Слезы текли тихими волнами в тайной части ее разума, она сожгла свои мечты дотла. Она не знала, что восстанет из этого пепла, но она знала, что-то родится из этого пепла, что-то, что Элеонор никогда не видела.
Новая мечта. Лучшая мечта.
Ветер принес пепел к ее ногам. Она открыла глаза и снова посмотрела на пустой стул.
- Договорились? - спросила она у Бога. - Давай пожмем руки.
Она протянула руку, воздух засвистел, когда поезд пролетел мимо ее дома, сотрясая стены, пол, потолок, все до самого фундамента.
Элеонор посмотрела на часы - 3:26 утра. Она в замешательстве посмотрела на часы. Семнадцать лет подряд поезд проезжал мимо ее дома в одно и то же время - 00:59, 6:16, 15:38, и 19:02. Ни разу все эти годы, которые она прожила здесь, поезд не проходил так поздно ночью.
Никогда. Ни разу.
Повернувшись к стулу, она опустила руку.
- Тогда, хорошо, - ответила она. - Договорились.
Глава 19
Элеонор
В третий раз за два часа Элеонор наполнила ведро холодной водой и добавила в нее чашку мыла для дерева. Она потащила тяжелое ведро в святилище и поставила на пол рядом с центральной секцией скамеек. Последние три недели она мыла деревянные сооружения в церкви, пытаясь отплатить Пресвятому сердцу за юридическую помощь ей. Может, отец был прав.

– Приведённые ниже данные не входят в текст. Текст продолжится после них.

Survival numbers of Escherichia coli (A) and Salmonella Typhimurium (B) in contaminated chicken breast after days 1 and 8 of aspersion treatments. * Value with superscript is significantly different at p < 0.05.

Мошенничеством гораздо проще заработать деньги.
Пока она мыла дерево под коленями и руками, девушка позволила себе помечтать о будущем. Сорен приказал ей подать заявление в пять колледжей, и она подала. И теперь не могла перестать думать о жизни в Нью-Йоркский университет. Она влюбилась в Гринвич Виллидж и здания Нью-Йоркского университета с того момента, как впервые увидела их еще будучи маленькой девочкой, гуляющей по городу с дедушкой и бабушкой. И все же она знала, что это было несбыточной мечтой. У нее хорошие оценки, но недостаточно хорошие, чтобы получить стипендию. Студенческий заем покроет только часть того, что ей нужно будет заплатить за университет. Может, она сможет найти себе сексуального декана или кого-нибудь еще и обменяет свое тело на деньги на обучение.
Элеонор не могла поверить, как жарко было в святилище. Пот бисером проступил на ее лбу и капал на пол. Майка уже промокла.
Еще один час она мыла скамьи, пока не перестала видеть четко. Тушь щипала глаза. Какого черта происходит?
Элеонор поднялась с пола и выпрямила спину. Ей не должно быть так жарко. Она переоделась в футболку, короткие джинсовые шорты и пару наколенников, на ней не было ничего кроме кроссовок. Она подошла к стене и присела возле вентиляционной решетки. Из нее шел обжигающий воздух.
Это не очень хорошо. Вентиляция сломана? Она вышла в холл и подошла к панели управления. Кто-то врубил температуру до тридцати двух градусов. Тридцати двух. Гребаных. Градусов.
Ее священник был покойником.
Она прошла по коридору к кабинету Сорена. К счастью, в этот чудесный вечер четверга они были одни в церкви, значит, она может его убить, и никто ей не помешает.